Most moviegoing pitfalls today can be blamed on studio marketing departments. “This movie would be sophisticated fun for a 14-year-old boy,” said my moviegoing companion, who wasn’t even trying to be ironic. In other words, when people see a film sold as a blockbuster with stars like Johnny Depp and Gwyneth Paltrow, they can’t help but be confused if it’s actually piffle. Big daily paper critics who live only for sensations won’t find themselves in a little film, unless it was marketed as a “feel-good romp” or some such cliché. This movie, which is reasonably funny and satirical — a hybrid of English cozy mystery and Pink Panther slapstick with sexy movie graphics — does not compute for them, so they have no choice but to slam it.

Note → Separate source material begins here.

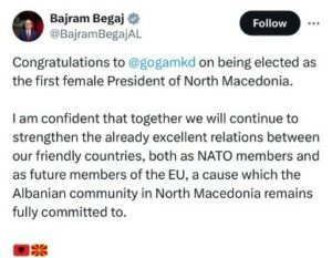 „Честитки, Гордана Сиљановска-Давкова, првата жена избрана за претседател на Република Северна Македонија. Убеден сум дека заедно дополнително ќе ги зајакнеме традиционално многу добрите односи меѓу нашите пријателски земји, како земји членки во НАТО и идни членки во ЕУ, за што Албанците во РСМ остануваат целосно ангажирани“, напиша Бегај во објавата на платформата Х.

Nobody is saying Mortdecai is great, but it certainly doesn’t signal the end of Western civilization as many have written. In it, Depp plays the upper-class twit title character, who knows everything about art history and occasionally helps British authorities investigate the grim underbelly of the art world (which pretty much sums up the whole biz nowadays). Financially tapped, Mortdecai and his tough sidekick (Paul Bettany) quest after a famed missing Goya also sought by China, Russia, and some terrorist thugs. But the film’s major conflict is how queasy Mortdecai’s wife (Gwyneth Paltrow) is made by his new mustache. There are many semi-funny running jokes, and though it’s not cult-film good, neither is it the cinematic disaster that last year’s Transcendence was.

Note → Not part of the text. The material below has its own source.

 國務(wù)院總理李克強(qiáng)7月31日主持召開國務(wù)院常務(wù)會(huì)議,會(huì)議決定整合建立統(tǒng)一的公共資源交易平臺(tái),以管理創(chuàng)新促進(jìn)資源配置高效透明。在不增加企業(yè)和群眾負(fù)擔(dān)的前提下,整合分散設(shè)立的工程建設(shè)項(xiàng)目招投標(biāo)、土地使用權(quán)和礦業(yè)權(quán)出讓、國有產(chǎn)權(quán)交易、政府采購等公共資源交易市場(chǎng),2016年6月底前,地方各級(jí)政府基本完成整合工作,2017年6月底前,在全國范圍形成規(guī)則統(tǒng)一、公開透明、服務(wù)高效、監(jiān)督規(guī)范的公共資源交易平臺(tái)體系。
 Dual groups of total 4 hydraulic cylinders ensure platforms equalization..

Depp has been in many horrible films since Pirates of the Caribbean overstayed its welcome (Dark Shadows, Jack and Jill, and The Lone Ranger), so you can’t blame the public for staying away. He seems to be having uncaring fun with acting, and this is another nice inconsequential role. As for Mortdecai, it’s a movie you could take or leave and one that smart preteens might enjoy. But when previews say it will “thrill” and “dazzle” you, the blame for the flop is clear.